Through the Virginia Association of Workers for the Blind, and in collaboration with state congressman Herbert J. Taylor, who sponsored the bill, Watts lobbied the Virginia legislature to form a temporary commission to determine the number of blind people in Virginia and assess their needs. Watts and Taylor were both appointed to the Legislative Commission for the Blind, which presented its census and report in 1921. The Commission became permanent in 1922, and Watts served as its executive secretary for the next 34 years until his retirement at the age of 68. The Virginia Commission for the Blind building, designed by the prominent Virginia architect J. Binford Walford, was dedicated in 1941. The Commission was renamed several times and is now called the Virginia Department for the Blind and Visually Impaired.

In addition to his work with the Virginia Association of Workers for the Blind and the Virginia Commission for the Blind, in 1926, Watts successfully campaigned to represent Albemarle County in the Virginia House of Delegates. He held office for 4 terms, from 1926 to 1933, using his position in the legislature to better advance his causes for the blind. In 1930, Watts helped to pass a bill that ensured that, if there were six or more students with impaired vision in any county in the state, sight-saving classes were established.

Watts' endeavors were not limited to Virginia. From 1934 to 1937 he served as president of the American Foundation for the Blind whose mission included gathering information about vision loss and advocating for the needs of blind people to the federal government.

==Personal life==
In 1929, Watts married Hazel Birkenmeyer, the first teacher of sight-saving classes for the Virginia Commission for the Blind.

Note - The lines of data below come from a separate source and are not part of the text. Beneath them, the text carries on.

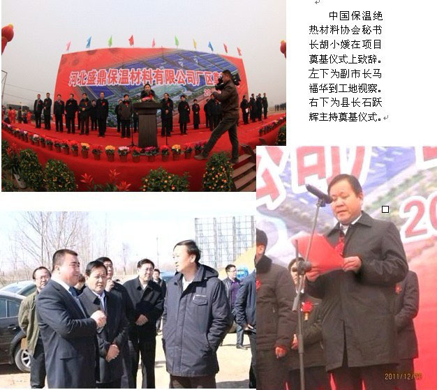河北盛鼎保溫材料有限公司年產(chǎn)30萬(wàn)噸巖棉制品項(xiàng)目,自開(kāi)始運(yùn)籌,就得到了市、縣各級(jí)領(lǐng)導(dǎo),各有關(guān)部門(mén)的大力關(guān)懷和支持。市委常委崔士霞、市人大副主任吳平親臨項(xiàng)目奠基儀式。市委書(shū)記劉可為,市長(zhǎng)楊慧,市紀(jì)委書(shū)記魏存計(jì),市委常委、秘書(shū)長(zhǎng)王金剛,市人大副主任、黨組書(shū)記楊勝忠,副市長(zhǎng)馬福華等都曾親臨公司和公司項(xiàng)目工地視察。縣委書(shū)記姚幸福,縣長(zhǎng)石躍輝及縣“四大班子”其他主要領(lǐng)導(dǎo),也曾多次到公司和項(xiàng)目工地進(jìn)行指導(dǎo)并召集有關(guān)部門(mén)現(xiàn)場(chǎng)辦公。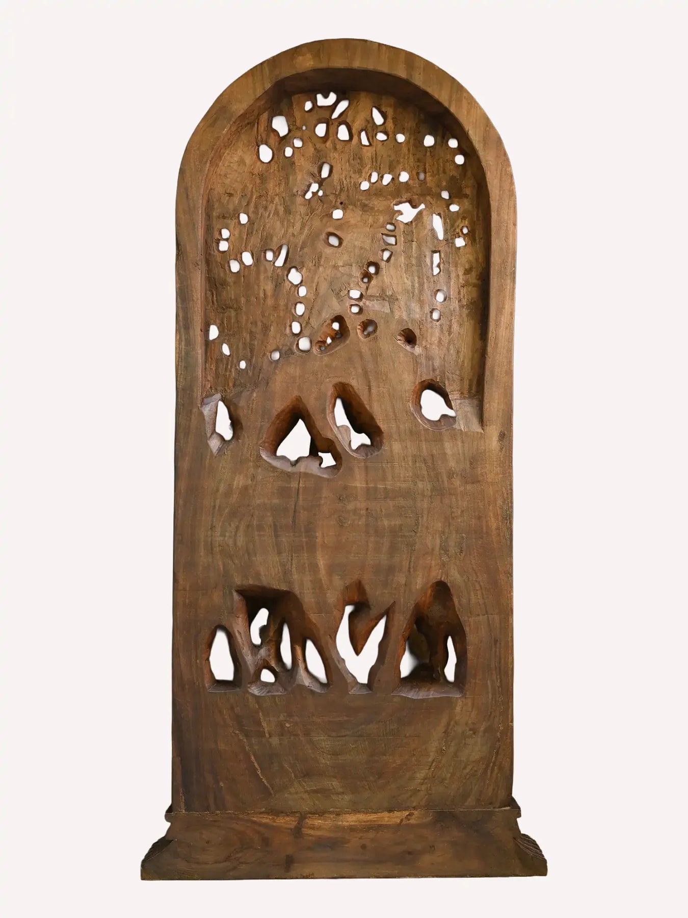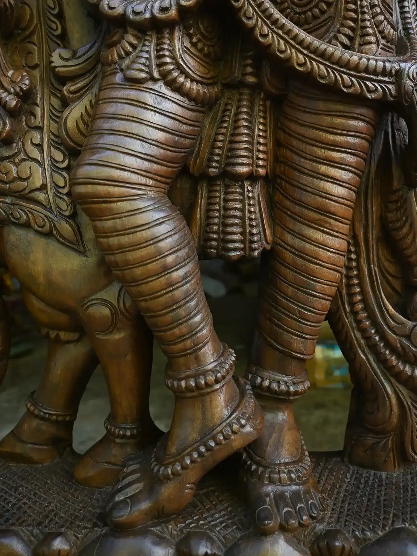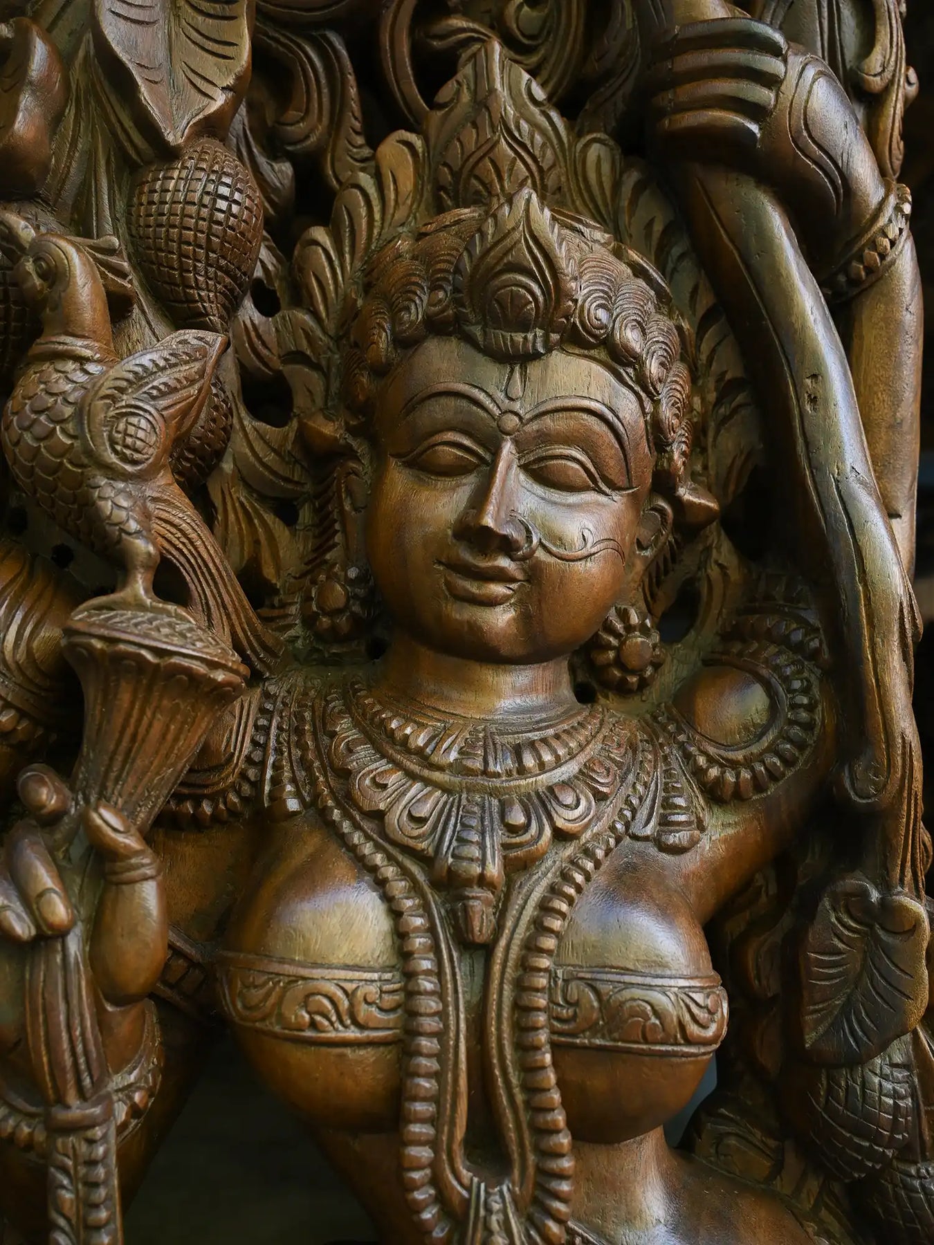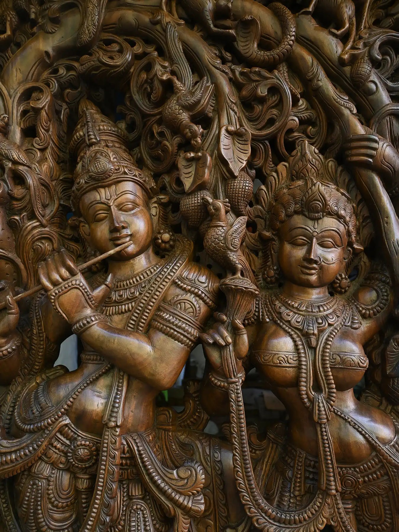 Wooden jaliwork Lord Krishna and Radha stand together gracefully. Krishna plays his flute while Radha looks at him with love and devotion. A cow stands below Krishna. The sculpture symbolizes eternal love, devotion, and harmony.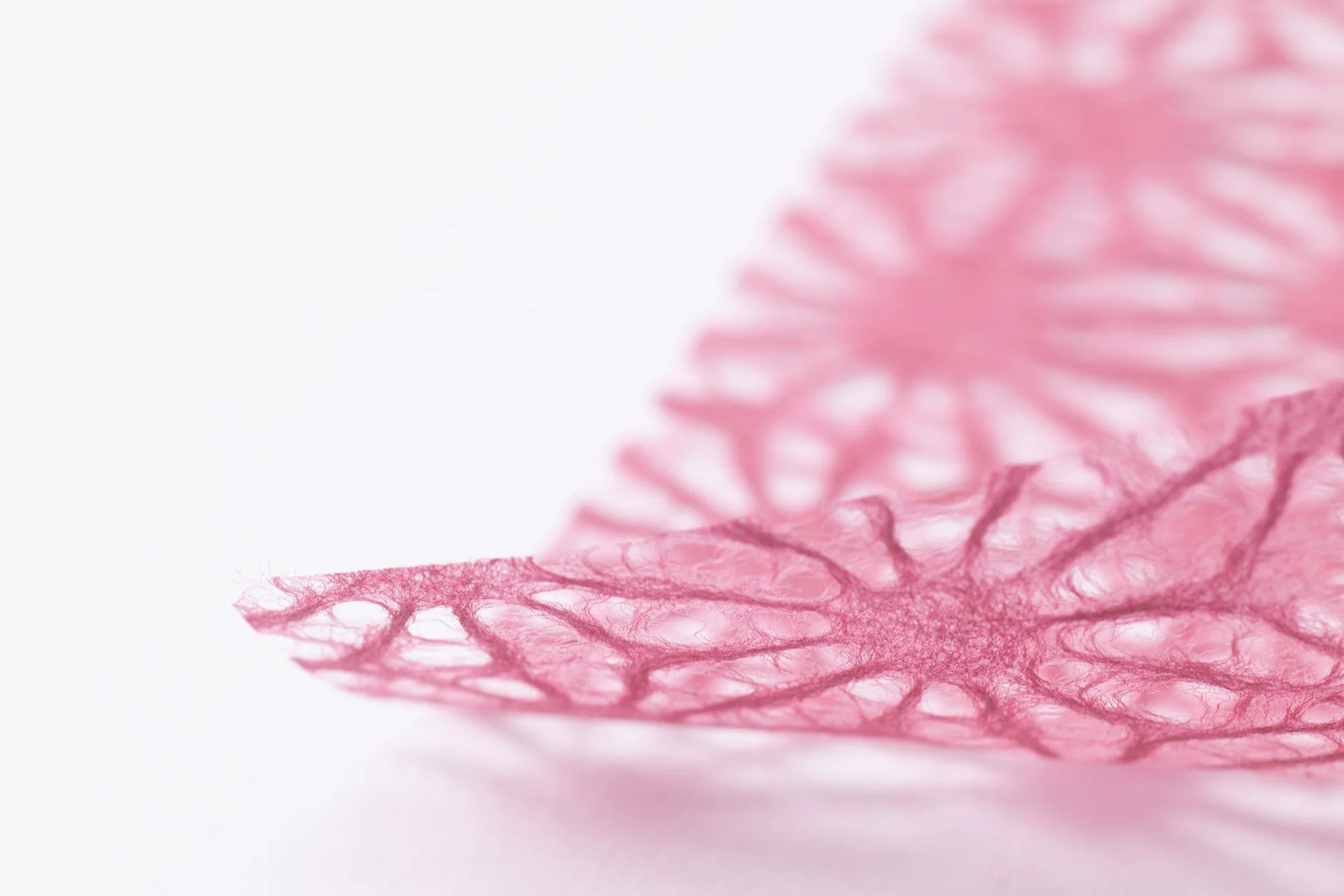 El papel "Rakusui" es un tipo de papel washi en el que se aplica agua durante la fabricación, creando patrones. Este papel se caracteriza por su apariencia de encaje con agujeros. La velocidad de fabricación, que puede alcanzar varios metros por segundo, y la intuición del artesano, que ajusta la mezcla de materiales en gramos, son fundamentales para crear los hermosos remolinos del patrón Rakusui. El método de elaboración, con sabiduría e ingenio, sigue siendo el mismo hoy que en el pasado, incluso con la ayuda de máquinas.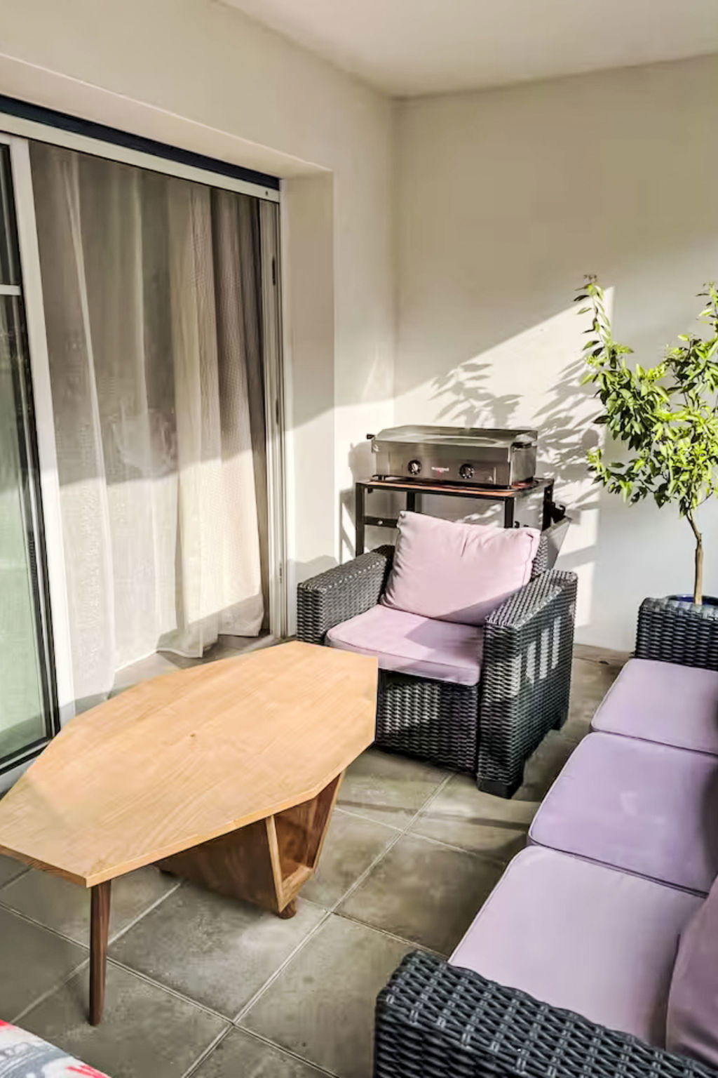 Appartement de 2 pièces 47 m2, au rez-de-chaussée. Aménagement agréable: séjour/salle à manger avec TV (écran plat). Sortie sur le balcon. 1 chambre avec 1 lit double (140 cm, longueur 190 cm). Coin cuisine (four, lave-vaisselle, 3 plaques vitrocéramiques, grille-pain, bouilloire électrique, micro-ondes, congélateur, cafetière électrique, Capsules pour machine à café (Nespresso) (NON INCLUSES)). Douche/WC. Chauffage électrique. Balcon 7 m2, situation ouest. Mobilier de balcon. Belle vue sur les montagnes. A disposition: lave-linge, fer à repasser, sèche-cheveux. Internet (Connexion WIFI, gratuit). Place de parking (couvert, 1 Voiture). Veuillez noter: logement non-fumeur. Détecteur de fumée. Annonce d'un particulier (art 155, IV du CGI). 641250023539B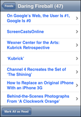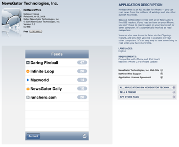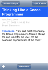 NetNewsWire for iPhone uses the NewsGator Online sync platform, so you can use NetNewsWire on your Mac, FeedDemon on Windows, NewsGator Online on the web, or any of our other applications, and they will all sync together. I’ve talked about this a lot in the past…but this is really the only reasonable way to build a mobile reader, IMHO. We use mobile devices as companion devices, in addition to our desktop and/or laptop computers - they’re not the only devices we use.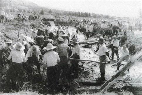 しかし、この間、多くの水利施設の整備が進み、寒冷地農業の基礎固めに入り、ようやく軌道に乗るとみられたころの昭和6~10年と毎年連続する冷害に遭遇し、一部に水田経営(水田廃止)を断念する動きが生じ、更に、昭和12年から打ち続く戦争により資材、労働力不足から基盤整備は頓挫、休止状態に入り、水田面積の減少が進んだまま敗戦を迎え、極度の食料不足に陥った。

Their daughter, Hazel Elizabeth Watts, was born in 1930.

==Awards==
Watts' many contributions and years of dedicated service were recognized and celebrated. In 1953, he received the Ambrose M. Shotwell Award from the Association of Workers for the Blind in recognition of his contributions to the rehabilitation of blind and visually impaired adults. This was followed, in 1957, by the R.B. Irwin Award, which was given by the National Industries for the Blind for his work championing the employment of people who are blind. In 1962, he was presented with the Migel Medal Award from the American Foundation for the Blind, an award honoring those whose achievements and dedication provide significant improvement to the lives of people with vision loss.

==Death==
Lucian Louis Watts died at his home on April 30, 1974, and was buried at Riverview Cemetery, Charlottesville, Virginia.